Only the lines in the entries below from the line with "Pantalon type tailleur, léger" to the line with "生徒が下校した後、高校生たち", both included, belong in the answer, transcribed exactly and without pictures.

[Records for the task Boundary: Start]

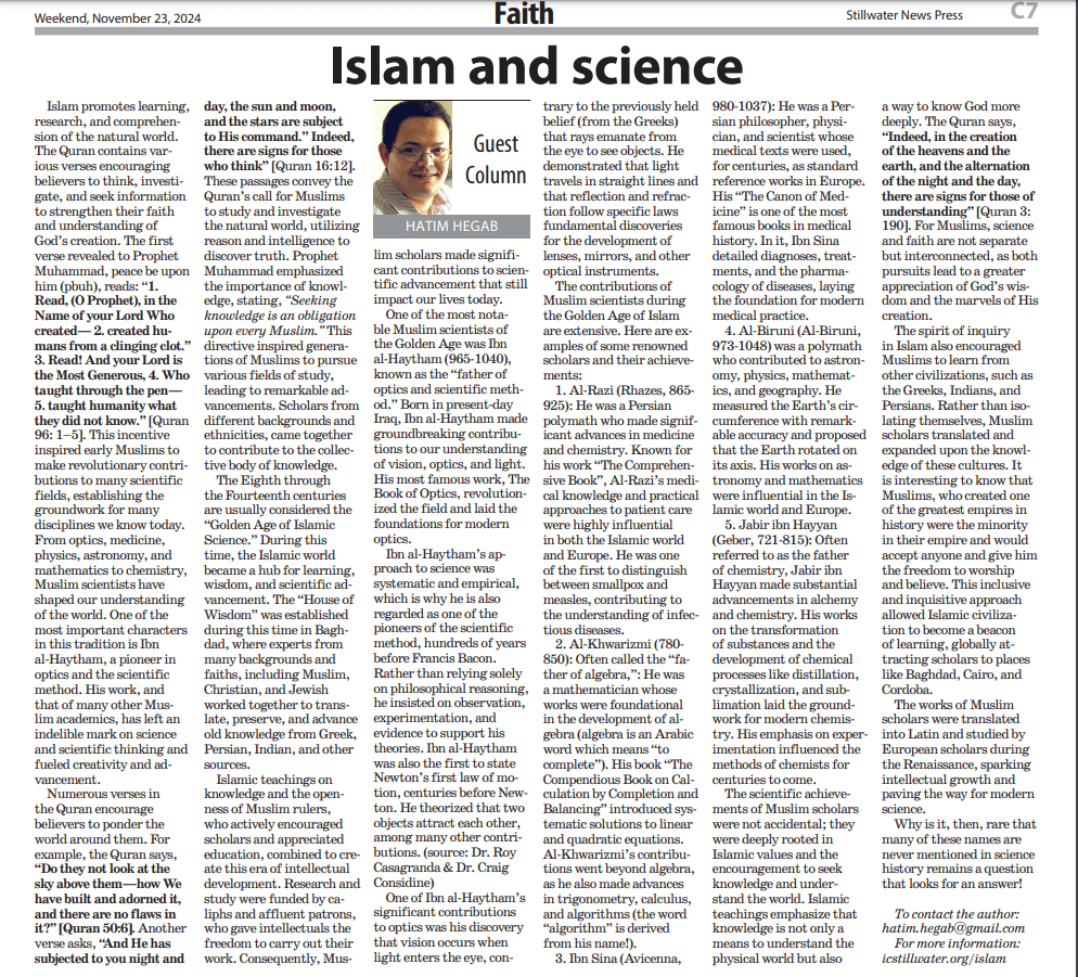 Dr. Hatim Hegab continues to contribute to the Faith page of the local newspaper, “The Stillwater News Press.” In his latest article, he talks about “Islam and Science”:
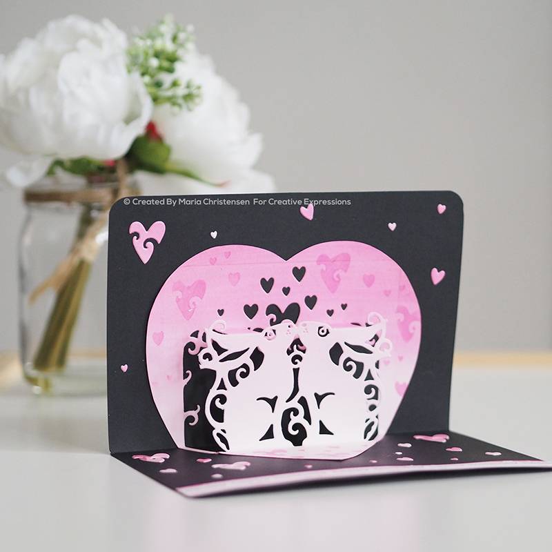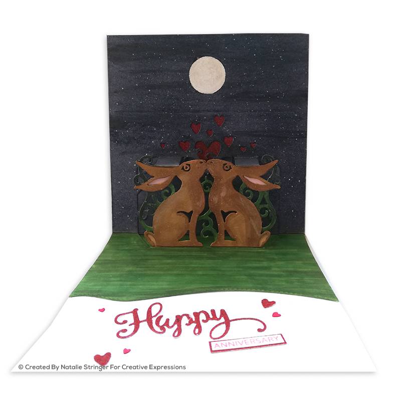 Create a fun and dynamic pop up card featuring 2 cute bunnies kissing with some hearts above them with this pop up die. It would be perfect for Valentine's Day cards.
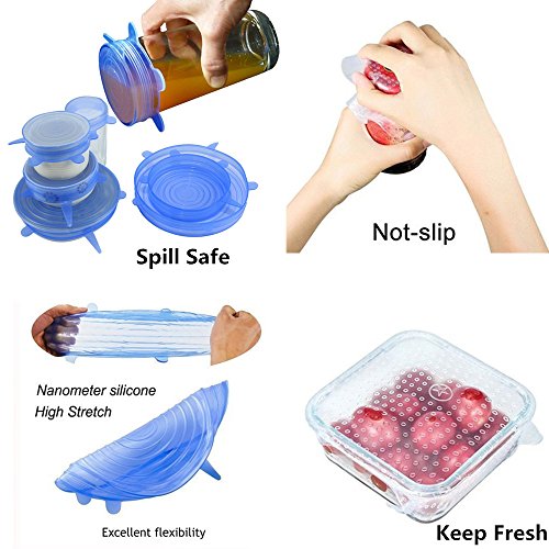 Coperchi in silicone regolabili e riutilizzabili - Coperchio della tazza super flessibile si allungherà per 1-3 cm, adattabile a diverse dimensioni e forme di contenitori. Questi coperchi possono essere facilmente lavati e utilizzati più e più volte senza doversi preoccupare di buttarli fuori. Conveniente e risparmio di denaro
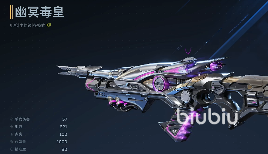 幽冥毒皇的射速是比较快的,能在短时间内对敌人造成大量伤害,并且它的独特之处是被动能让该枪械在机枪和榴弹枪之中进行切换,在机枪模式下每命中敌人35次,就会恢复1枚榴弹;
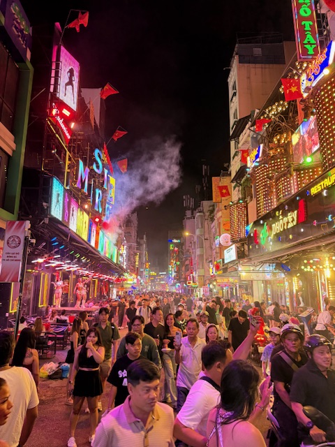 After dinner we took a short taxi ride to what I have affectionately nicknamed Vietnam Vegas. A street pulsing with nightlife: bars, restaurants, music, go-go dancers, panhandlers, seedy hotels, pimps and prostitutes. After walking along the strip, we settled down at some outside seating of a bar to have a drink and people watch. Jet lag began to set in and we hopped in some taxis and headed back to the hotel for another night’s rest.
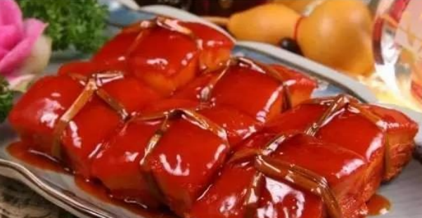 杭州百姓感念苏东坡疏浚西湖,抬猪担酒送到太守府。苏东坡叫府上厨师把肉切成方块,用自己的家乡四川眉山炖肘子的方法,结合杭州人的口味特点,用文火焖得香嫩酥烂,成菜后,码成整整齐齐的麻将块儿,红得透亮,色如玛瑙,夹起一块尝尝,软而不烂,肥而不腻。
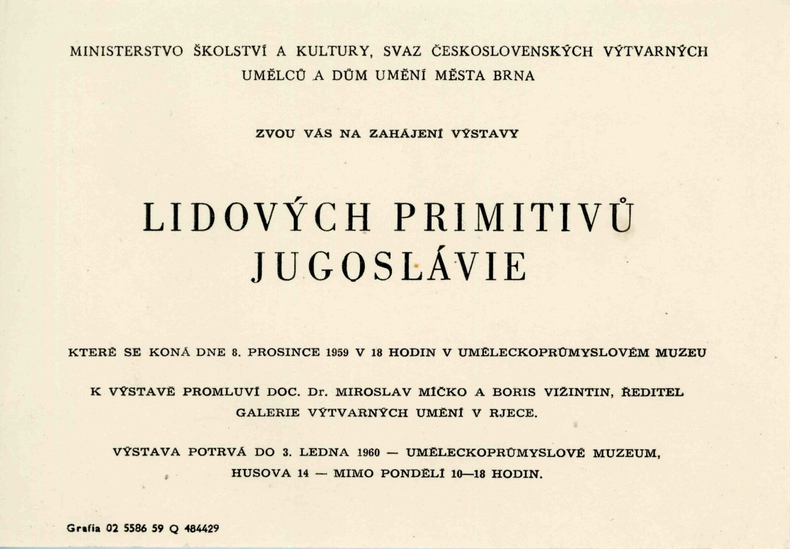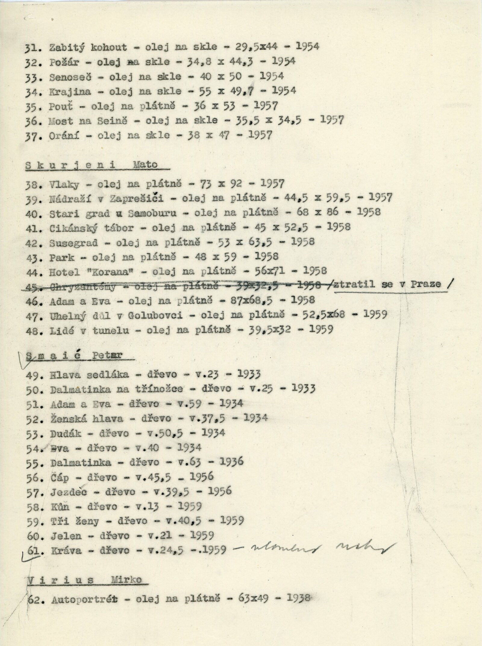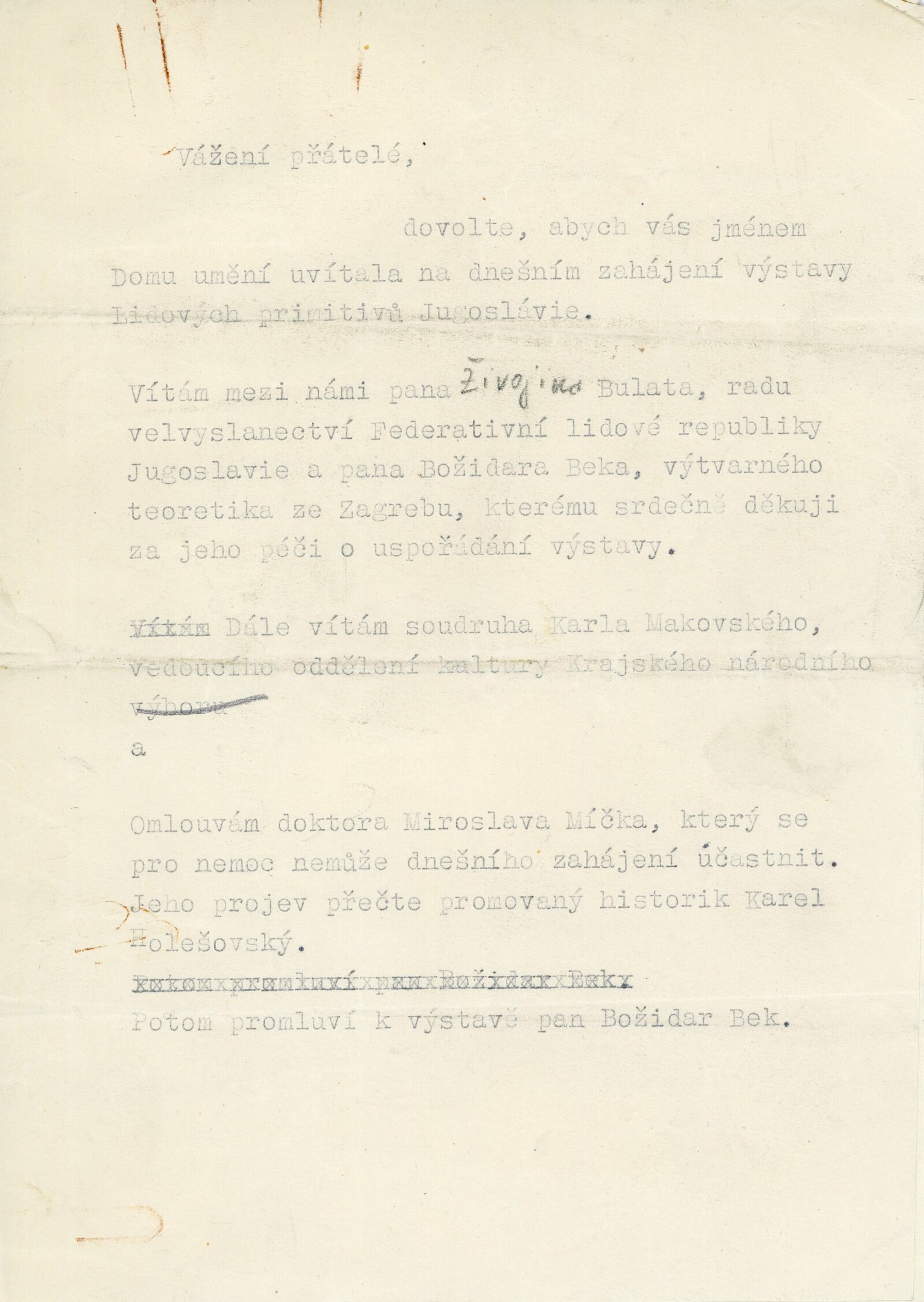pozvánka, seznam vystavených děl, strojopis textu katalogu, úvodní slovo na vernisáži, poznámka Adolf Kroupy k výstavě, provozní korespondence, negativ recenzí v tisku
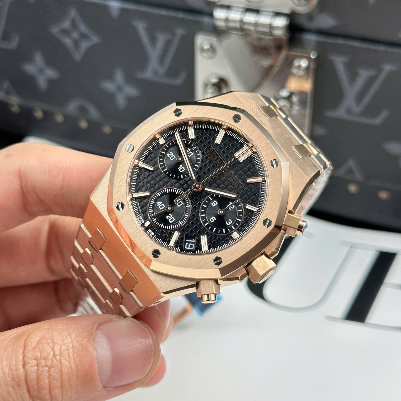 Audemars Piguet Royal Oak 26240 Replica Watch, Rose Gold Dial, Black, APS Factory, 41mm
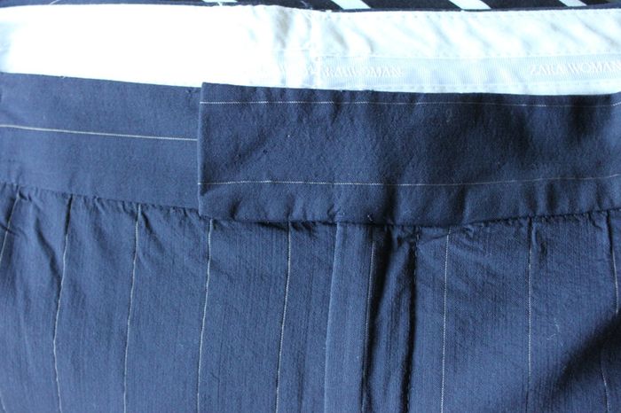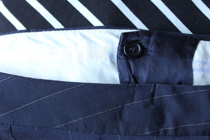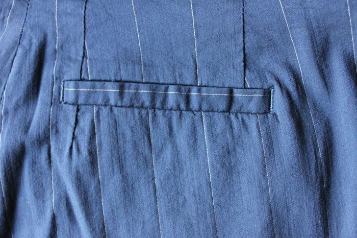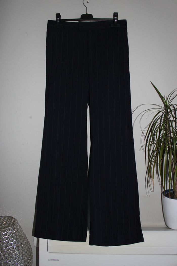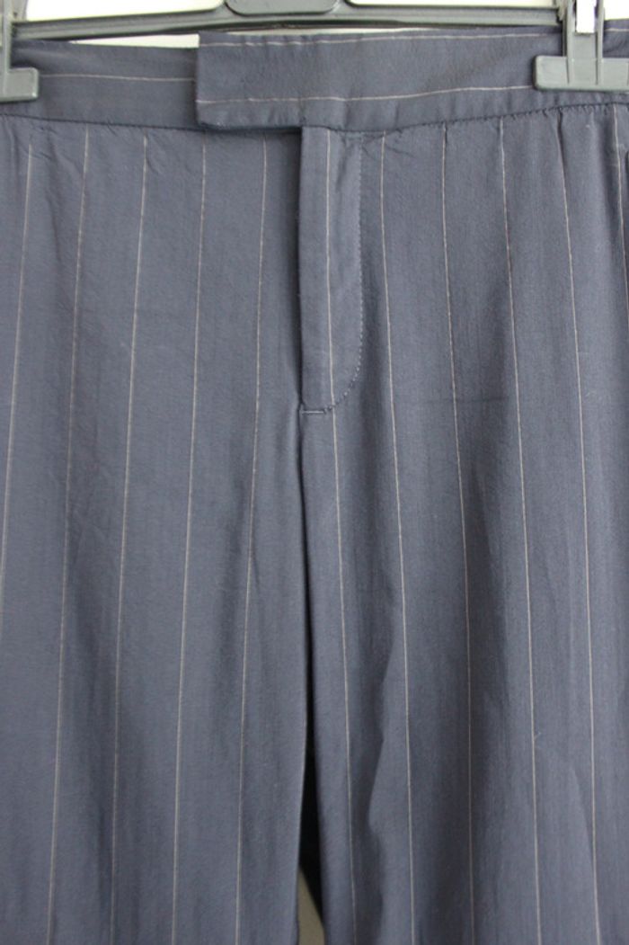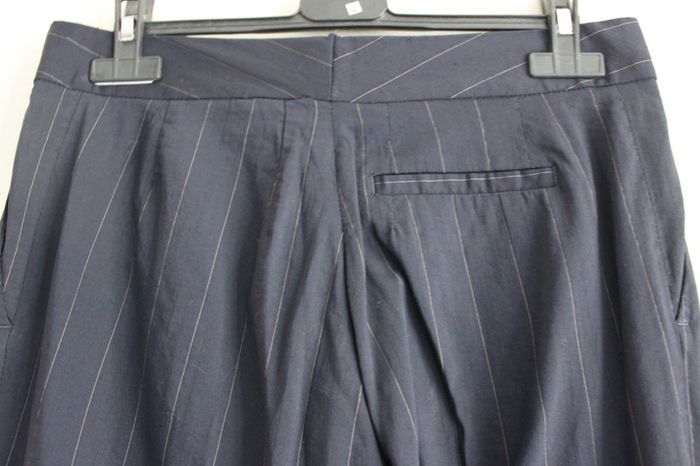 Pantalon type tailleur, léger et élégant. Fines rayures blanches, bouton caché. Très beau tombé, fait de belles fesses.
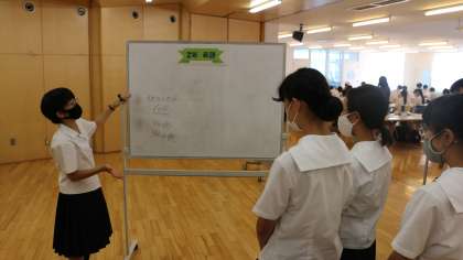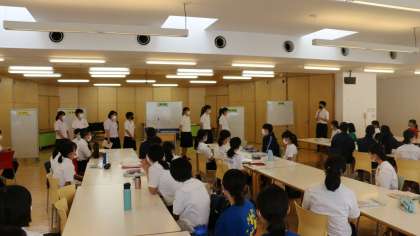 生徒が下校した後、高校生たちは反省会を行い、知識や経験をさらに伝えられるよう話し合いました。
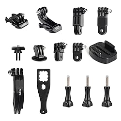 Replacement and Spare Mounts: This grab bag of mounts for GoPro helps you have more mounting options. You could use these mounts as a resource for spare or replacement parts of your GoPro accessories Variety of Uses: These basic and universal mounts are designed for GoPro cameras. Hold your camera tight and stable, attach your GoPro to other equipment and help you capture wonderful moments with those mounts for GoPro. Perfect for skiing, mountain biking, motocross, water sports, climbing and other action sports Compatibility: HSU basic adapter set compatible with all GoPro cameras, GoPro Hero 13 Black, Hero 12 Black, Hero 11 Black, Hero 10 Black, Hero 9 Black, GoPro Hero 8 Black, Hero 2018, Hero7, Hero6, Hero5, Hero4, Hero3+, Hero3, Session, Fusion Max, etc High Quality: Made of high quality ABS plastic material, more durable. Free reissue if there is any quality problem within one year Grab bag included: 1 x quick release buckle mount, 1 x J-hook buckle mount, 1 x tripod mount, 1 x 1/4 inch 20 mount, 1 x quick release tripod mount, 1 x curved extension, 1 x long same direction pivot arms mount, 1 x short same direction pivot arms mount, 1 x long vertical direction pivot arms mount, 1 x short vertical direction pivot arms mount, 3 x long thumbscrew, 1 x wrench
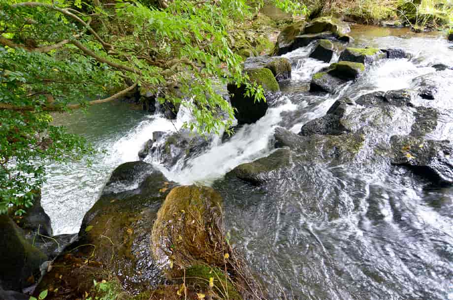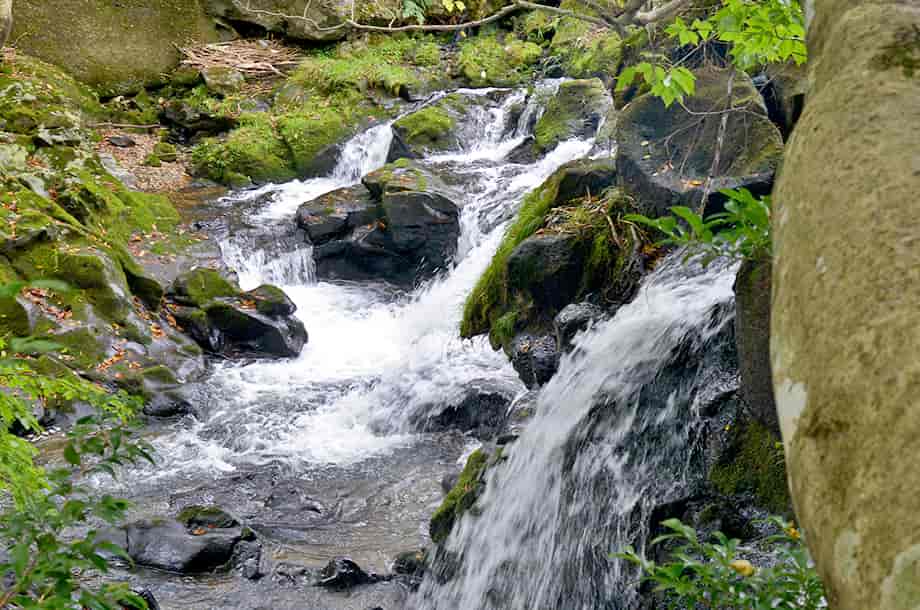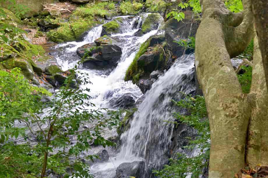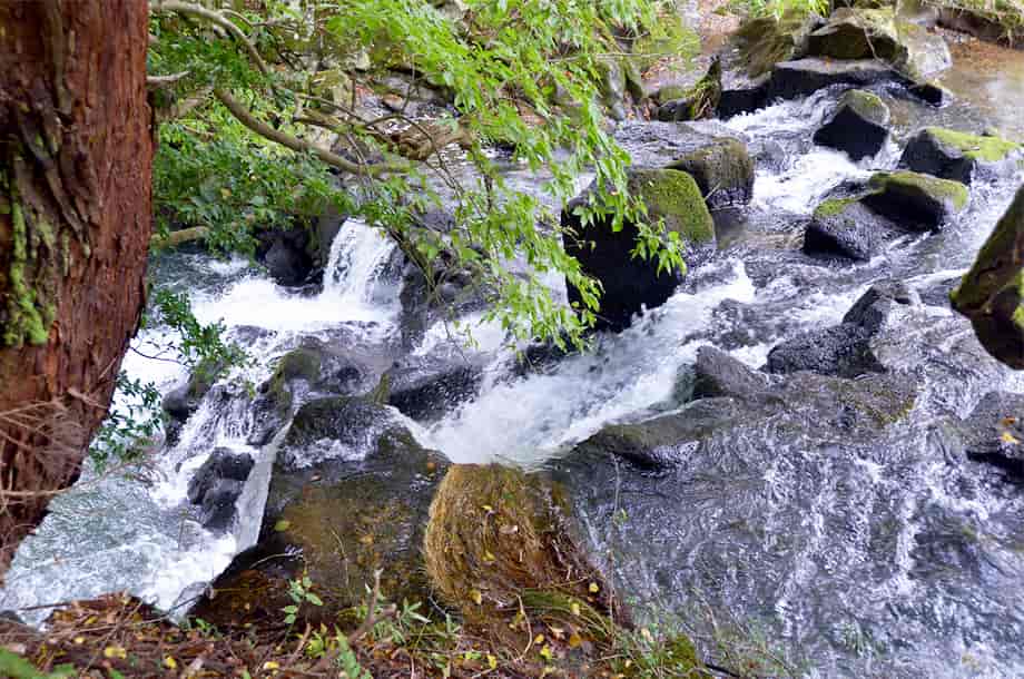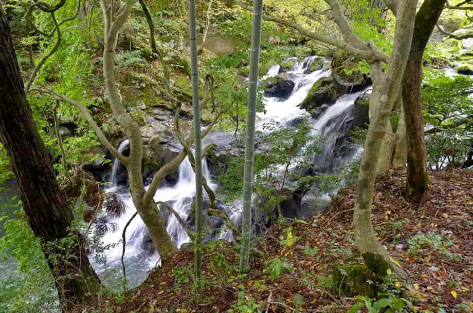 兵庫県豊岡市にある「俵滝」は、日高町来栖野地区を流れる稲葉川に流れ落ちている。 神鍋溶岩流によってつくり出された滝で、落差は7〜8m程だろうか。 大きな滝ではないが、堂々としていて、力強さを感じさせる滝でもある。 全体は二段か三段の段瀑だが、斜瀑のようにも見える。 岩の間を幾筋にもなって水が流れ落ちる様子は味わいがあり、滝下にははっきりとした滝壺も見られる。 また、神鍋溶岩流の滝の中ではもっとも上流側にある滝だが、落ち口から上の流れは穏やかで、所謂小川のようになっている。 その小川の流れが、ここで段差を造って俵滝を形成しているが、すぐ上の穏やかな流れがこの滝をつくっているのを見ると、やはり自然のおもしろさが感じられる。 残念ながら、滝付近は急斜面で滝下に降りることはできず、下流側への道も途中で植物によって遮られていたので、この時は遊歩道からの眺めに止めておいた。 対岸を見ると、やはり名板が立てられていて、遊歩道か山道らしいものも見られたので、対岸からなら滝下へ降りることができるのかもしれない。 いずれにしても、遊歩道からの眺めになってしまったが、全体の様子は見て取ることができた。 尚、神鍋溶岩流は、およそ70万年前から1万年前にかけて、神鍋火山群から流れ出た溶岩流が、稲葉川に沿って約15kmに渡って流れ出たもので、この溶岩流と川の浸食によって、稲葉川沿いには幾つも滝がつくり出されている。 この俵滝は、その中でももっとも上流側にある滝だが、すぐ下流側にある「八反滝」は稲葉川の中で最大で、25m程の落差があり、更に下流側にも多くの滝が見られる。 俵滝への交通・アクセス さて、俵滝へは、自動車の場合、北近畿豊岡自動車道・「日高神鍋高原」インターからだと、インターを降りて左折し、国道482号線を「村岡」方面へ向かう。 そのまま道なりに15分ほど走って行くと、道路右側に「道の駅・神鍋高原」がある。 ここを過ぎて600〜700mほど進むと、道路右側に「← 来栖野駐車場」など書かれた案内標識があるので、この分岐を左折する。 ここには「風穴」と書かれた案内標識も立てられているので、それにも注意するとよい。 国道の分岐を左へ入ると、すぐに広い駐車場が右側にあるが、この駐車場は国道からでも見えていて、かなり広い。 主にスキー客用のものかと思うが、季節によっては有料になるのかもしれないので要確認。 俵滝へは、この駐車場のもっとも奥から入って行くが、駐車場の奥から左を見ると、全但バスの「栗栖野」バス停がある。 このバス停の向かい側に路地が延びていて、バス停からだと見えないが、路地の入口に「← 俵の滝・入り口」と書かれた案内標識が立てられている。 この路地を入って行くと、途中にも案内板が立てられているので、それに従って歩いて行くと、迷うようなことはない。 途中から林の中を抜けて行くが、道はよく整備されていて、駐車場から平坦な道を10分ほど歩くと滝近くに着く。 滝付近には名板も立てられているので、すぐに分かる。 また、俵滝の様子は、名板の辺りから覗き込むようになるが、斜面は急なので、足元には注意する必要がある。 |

[Records for the task Boundary: End]

**Written response:**
 Pantalon type tailleur, léger et élégant. Fines rayures blanches, bouton caché. Très beau tombé, fait de belles fesses.
 生徒が下校した後、高校生たちは反省会を行い、知識や経験をさらに伝えられるよう話し合いました。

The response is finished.